Title: Until Proven Safe

Author: Nicola Twilley

Completed: Sept 2021

Overview: An interesting look at many different aspects of quarantine. I probably wouldn't have picked up this book (or heard about it) except that I listen to Nicola's podcast, Gastropod. It was fun to think that most of it was written before Sars-Cov-2 and the global lockdown it created. So much of what was discussed started as obscure knowledge when the experts were interviewed, but quickly became common knowledge as the pandemic progressed.

Highlights:

    • Skepticism about U.S. quarantine capabilities was, in fact, warranted: as cases of the virus began to grow in number, the nation’s permanent federal quarantine infrastructure consisted of just twenty inspection stations at international airports around the country and a brand-new, twenty-bed unit in Omaha, Nebraska. This, the nation’s only federal quarantine facility, barely opened in time for COVID-19: after a lengthy construction process, it became operational on January 29, 2020.

    • In Japan, so-called virus vigilantes took quarantine into their own hands, dumping thumbtacks on the street to pop the tires of potentially infected cyclists attempting to bike through neighborhoods where they didn’t belong, and scouring cities for cars with out-of-town registration details.

    • By the end of March 2020, a mere three weeks after King County health authorities painted over an Econo Lodge sign, fully 20 percent of the Earth’s population was living in a state of isolation or quarantine—an estimated 1.7 billion people.
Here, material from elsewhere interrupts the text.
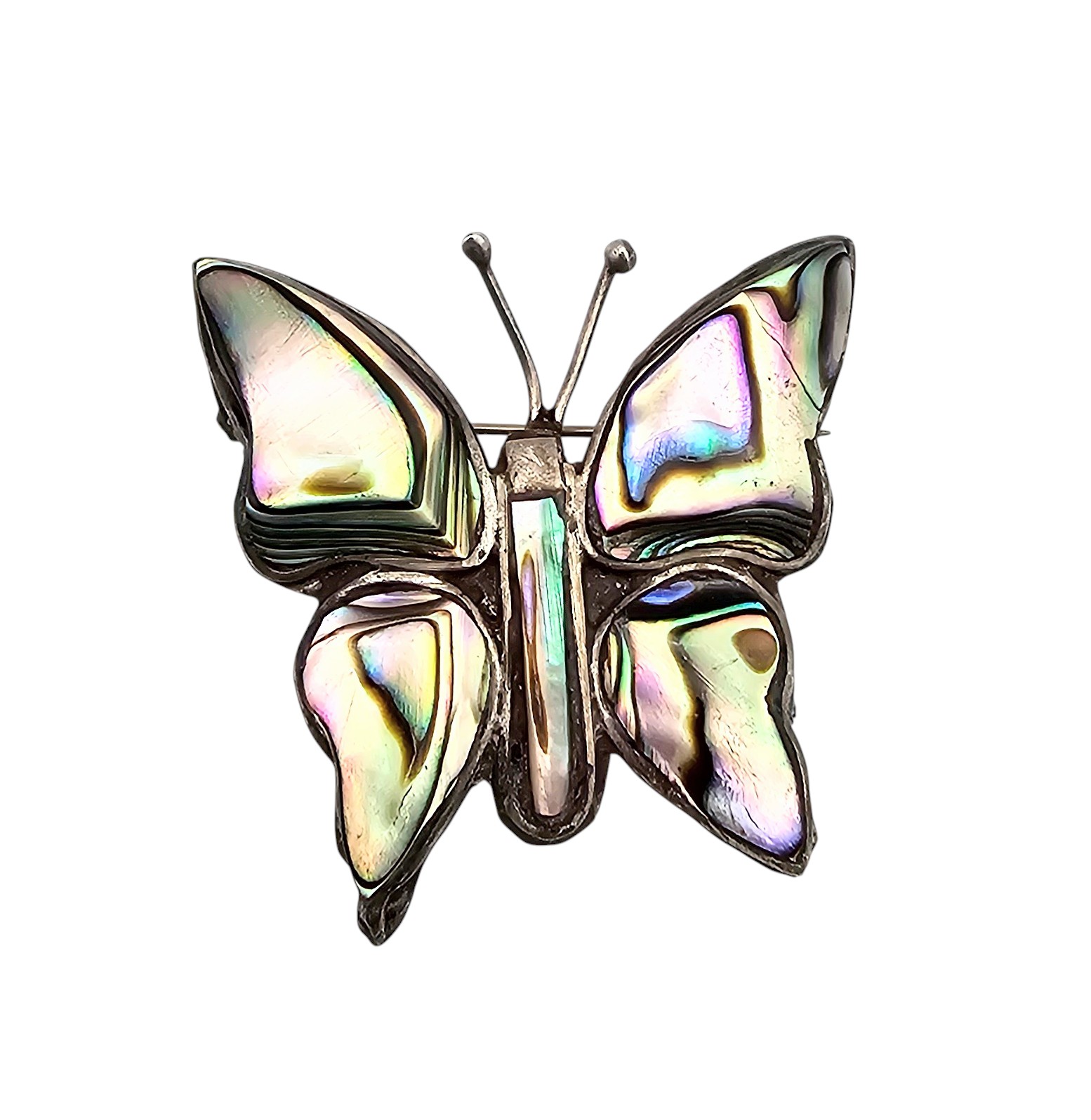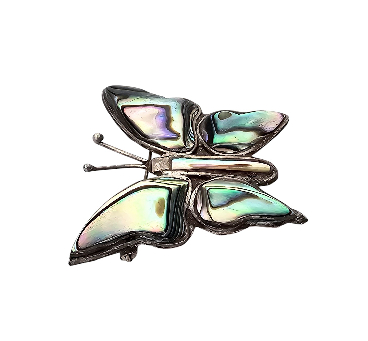 Alpaca Mexico Abalone Butterfly Brooch 5.9 G

Within a week, that tally would more than double, with Agence France-Presse estimating that “half of humanity” was now undergoing some form of medical detention.
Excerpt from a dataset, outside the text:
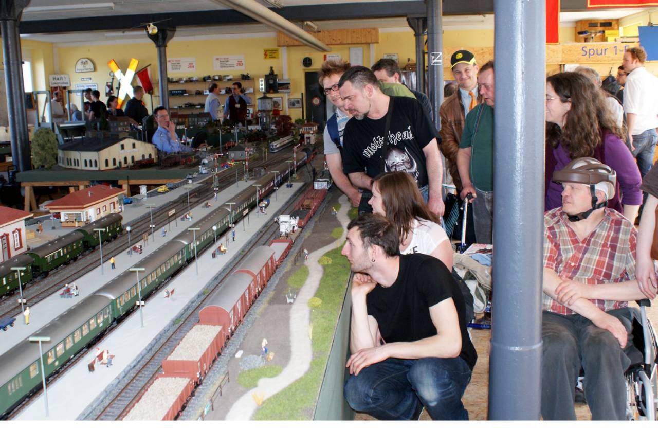 Es war ein tolles Erlebnis, sich die Anlage in Betrieb anzusehen und sich viele Details aus erster Hand erklären zu lassen. Einige Modellbauer plauderten aus dem Nähkästchen. – Unglaublich, wie viele Stunden Arbeit sie investieren, um Landschaften, Trassen und allerlei Bauten so naturgetreu wie möglich zu gestalten! Tobias von „Ahorn“ war nicht der Einzige, der an diesem Nachmittag mehrmals das Wort „Waaahnsinn!“ aussprach. Nach dem Eintauchen in die Modellbau-Welt suchte die Gruppe das speziell zum Tag der Offenen Tür eingerichtete Café auf. Bei Kaffee und Kuchen wurde viel geplaudert. Und natürlich wurde auch über die nächsten gemeinsamen Ausflüge gesprochen.

    • one of the primary ways that humans have responded to something we do not fully understand—whether that be the Black Death, Ebola, or, several years after our meeting, COVID-19—is to develop protocols and procedures, ritual behaviors whose performance reassures us as we encounter and attempt to triumph over the unknown. From scented herbs to hand sanitizer, and from Venetian lazarettos to high-level containment facilities, these measures curtail contact and constrain exposure, keeping an unfamiliar threat at bay.

    • Asma goes on to suggest that what it means to be human is often defined by our degree of separation from what we think we are not. As part of the rich cycle of myths that developed after the death of Alexander the Great, one story of isolation stands out. “Alexander supposedly chased his foreign enemies through a mountain pass in the Caucasus region and then enclosed them behind unbreachable iron gates,” Asma writes. Beyond this wall was what Asma calls a “monster zone”—a “prison territory”—in which Gog and Magog, enigmatic creatures that play an almost Godzilla-like role in the biblical book of Revelation, were locked away in a realm of grotesquerie and violence. The Caucasus Mountains being the supposed site of origin of the Caucasian people—a pseudoscientific term used by white, Enlightenment-era Europeans to classify themselves in opposition to other races—it is striking that the story of these gates suggests that the very idea of the West required an act of isolation against a monstrous other that lurked somewhere in Eastern darkness.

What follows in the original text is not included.